Nothing but the lines from the one holding "Είχε προηγηθεί ωριαία" through the last line of the material below should be set down, exactly and without images.

=== DATA BLOCK ===

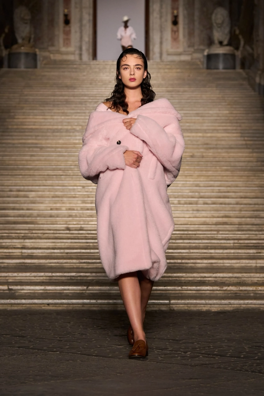 Летиция Каста и Анна Делло РуссоВинченцо Куомо и Гвинет ПэлтроуШэрон СтоунНики, Ричард и Кэти Хилтонhttps://t.me/spletnik2006/33235Креативный директор Ян Гриффитс отметил 38 лет работы с брендом и представил яркую коллекцию, вдохновлённую итальянским кино и стилем 1950-х, под названием Vesuvian Venus. Модели выходили на подиум в шортах с завышенной талией и ботфортах, меховых пальто, блестящих платьях, топах-бюстье.
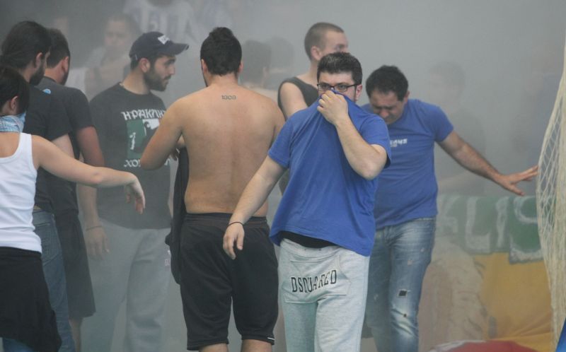 Είχε προηγηθεί ωριαία καθυστέρηση και συγκρούσεις, εκτός γηπέδου, μερίδας οπαδών του Ηρακλή με την αστυνομία, η οποία αρνείται πως έκανε χρήση χημικών. Tο κλειστό γήπεδο της Μίκρας γέμισε στη συνέχεια με καπνούς, με την αστυνομία να δηλώνει επίσημα, πως πρόκειται για χρήση πυροσβεστήρων στην είσοδο από οπαδούς. Οι παίκτες του Φοίνικα Σύρου οδηγήθηκαν στα αποδυτήρια με τον διαιτητή Γιώργο Καραμπέτσο να προειδοποιεί για διακοπή του αγώνα.
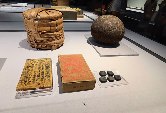 展覽以“茶出中國”、“茶道尚和”、“茶路萬里”、“茶韻綿長”四個篇章共展出展品總數達555件(組)。如此體量的展覽,作為物質實體的茶葉在展覽中所占比重雖小,卻是一個很有意思的看點,除考古出土的數千年前的茶葉遺存外,故宮博物院作為清宮舊藏的有著上百年歷史的老茶,從茶葉形制到外包裝都讓人眼前一亮,它們多為清乾隆時期各省督撫所進貢茶,為所有愛茶人和專業人士提供了一次難得的觀賞和研究契機。

===

YOUR RESPONSE:
 Είχε προηγηθεί ωριαία καθυστέρηση και συγκρούσεις, εκτός γηπέδου, μερίδας οπαδών του Ηρακλή με την αστυνομία, η οποία αρνείται πως έκανε χρήση χημικών. Tο κλειστό γήπεδο της Μίκρας γέμισε στη συνέχεια με καπνούς, με την αστυνομία να δηλώνει επίσημα, πως πρόκειται για χρήση πυροσβεστήρων στην είσοδο από οπαδούς. Οι παίκτες του Φοίνικα Σύρου οδηγήθηκαν στα αποδυτήρια με τον διαιτητή Γιώργο Καραμπέτσο να προειδοποιεί για διακοπή του αγώνα.
 展覽以“茶出中國”、“茶道尚和”、“茶路萬里”、“茶韻綿長”四個篇章共展出展品總數達555件(組)。如此體量的展覽,作為物質實體的茶葉在展覽中所占比重雖小,卻是一個很有意思的看點,除考古出土的數千年前的茶葉遺存外,故宮博物院作為清宮舊藏的有著上百年歷史的老茶,從茶葉形制到外包裝都讓人眼前一亮,它們多為清乾隆時期各省督撫所進貢茶,為所有愛茶人和專業人士提供了一次難得的觀賞和研究契機。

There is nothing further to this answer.